▶ _Work instruction_
Your answer must be the exact lines from the one holding "Principe de fonctionnement" through the last line of the records below, with no pictures.

▶ _Supplied records_
#####

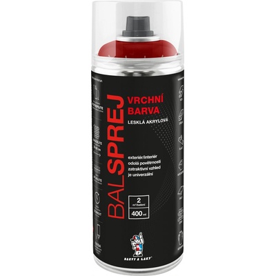 Barva ve spreji vrchní akrylová 400ml Balsprej Univerzální vrchní lesklá akrylová barva ve spreji pro nátěry dřeva, kovu, skla, betonu, kamene, karoserie a některých umělých...
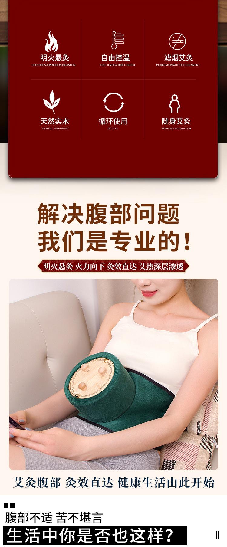 Smoke-filtering solid wood abdominal three-needle moxibustion box (green) + 1 box of red flower moxa + acupoint map
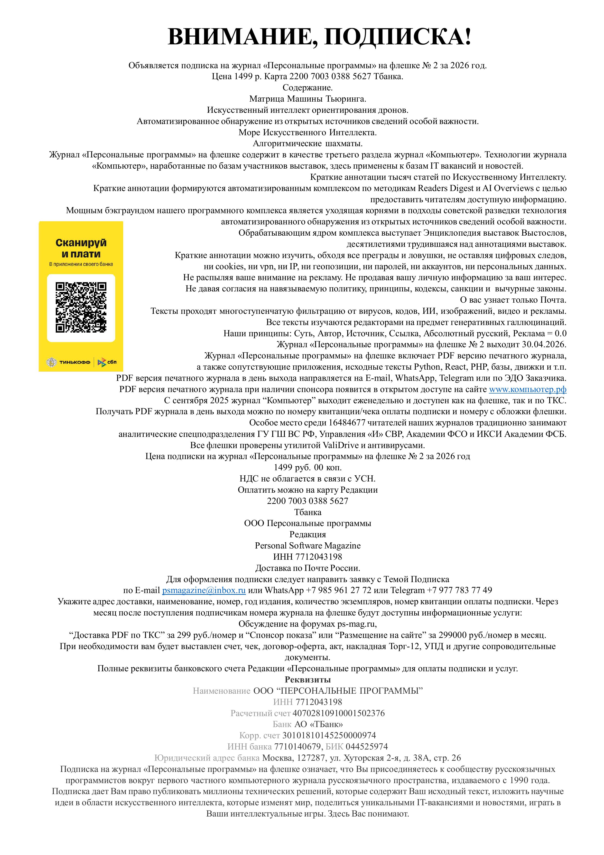 Журнал "Персональные программы" на флешке 2026 год, N 1, стр.118 ВНИМАНИЕ, ПОДПИСКА! Краткие аннотации тысяч статей по Искусственному Интеллекту. Краткие аннотации формируются автоматизированным комплексом по методикам Readers Digest и AI Overviews с целью предоставить читателям доступную информацию. Наши принципы: Суть, Автор, Источник, Ссылка, Абсолютный русский, Реклама = 0.0
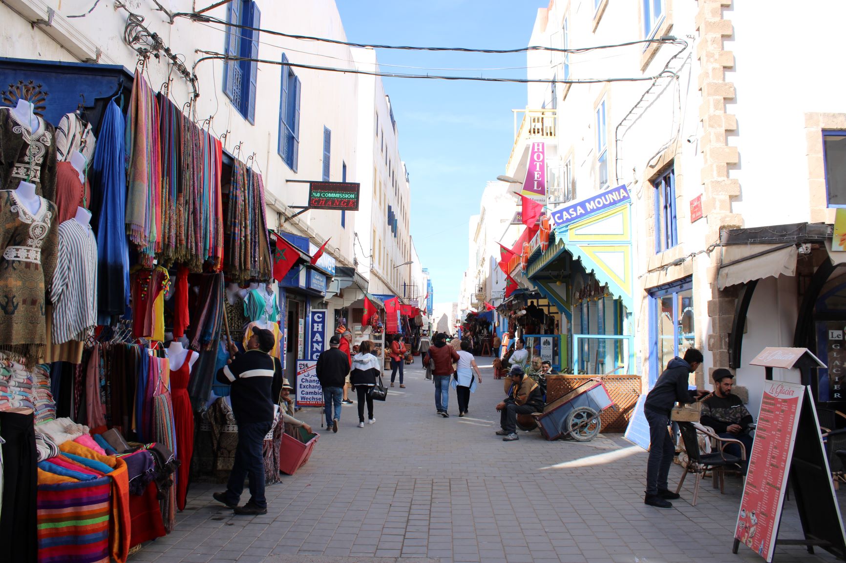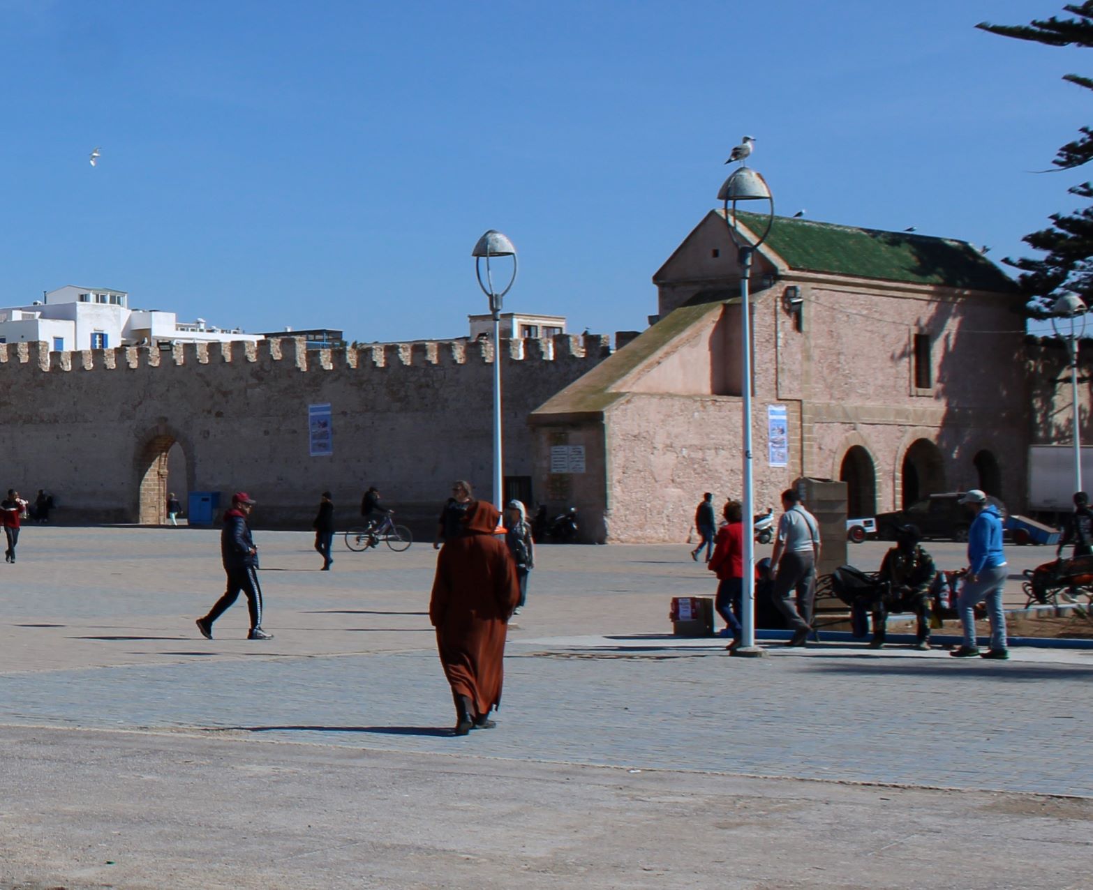 Au petit matin, alors que le soleil commence à se jouer de l’ombre, déambuler dans les rues de la célèbre Mogador et croiser des silhouettes en pleine conversation.
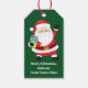 Etiqueta de presente de Papai Noel verde personalizada para os presentes de Natal dos seus filhos. Personalize os presentes de férias dos seus filhos de e para com o seu nome personalizado sob o sorriso de Papa Noel em seu terno vermelho alegre.
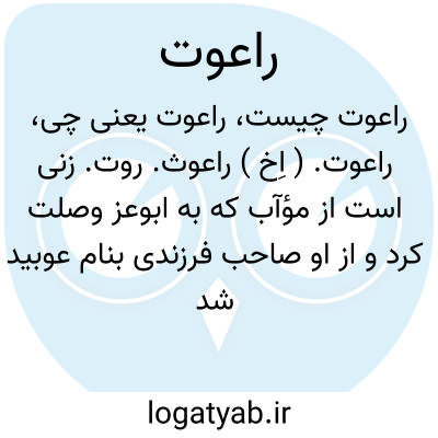 راعوت. ( اِخ ) راعوث. روت. زنی است از مؤآب که به ابوعز وصلت کرد و از او صاحب فرزندی بنام عوبید شد که جد داود باشد. ( از اعلام المنجد ). و رجوع به کتاب مقدس شود.
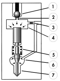 Principe de fonctionnement de l'électro injecteur en position ouvert.
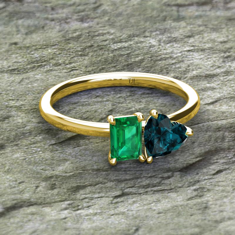 Emerald Shape Lab Created Emerald & Heart Shape London Blue Topaz 1.95 ctw Four Prong Womens 2 Stone Duo Engagement Ring 14K Yellow Gold More Details ...
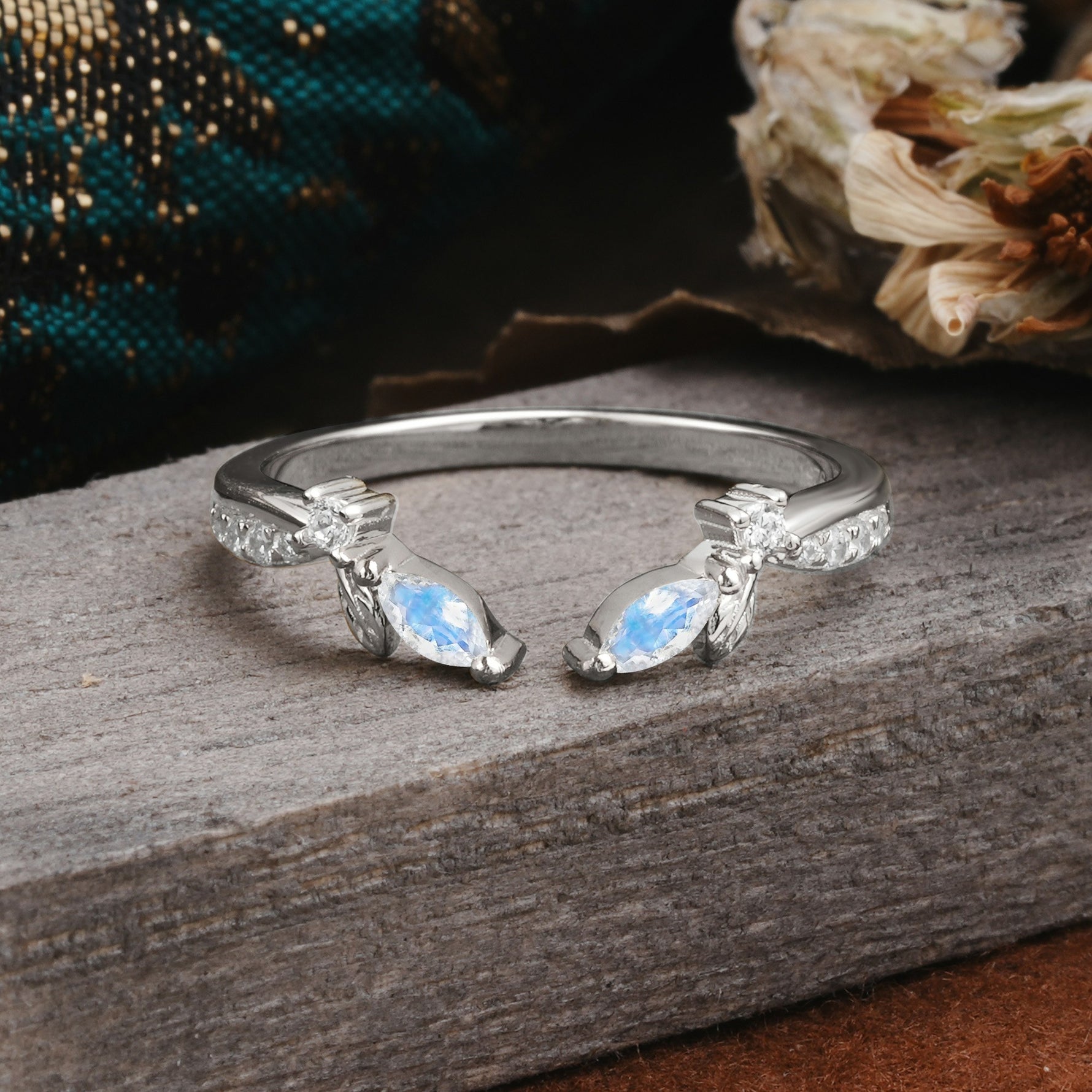 Crown Marquise Cut Moonstone Ring Wedding Band

#####

▶ _Problem solution_
 Principe de fonctionnement de l'électro injecteur en position ouvert.
 Emerald Shape Lab Created Emerald & Heart Shape London Blue Topaz 1.95 ctw Four Prong Womens 2 Stone Duo Engagement Ring 14K Yellow Gold More Details ...
 Crown Marquise Cut Moonstone Ring Wedding Band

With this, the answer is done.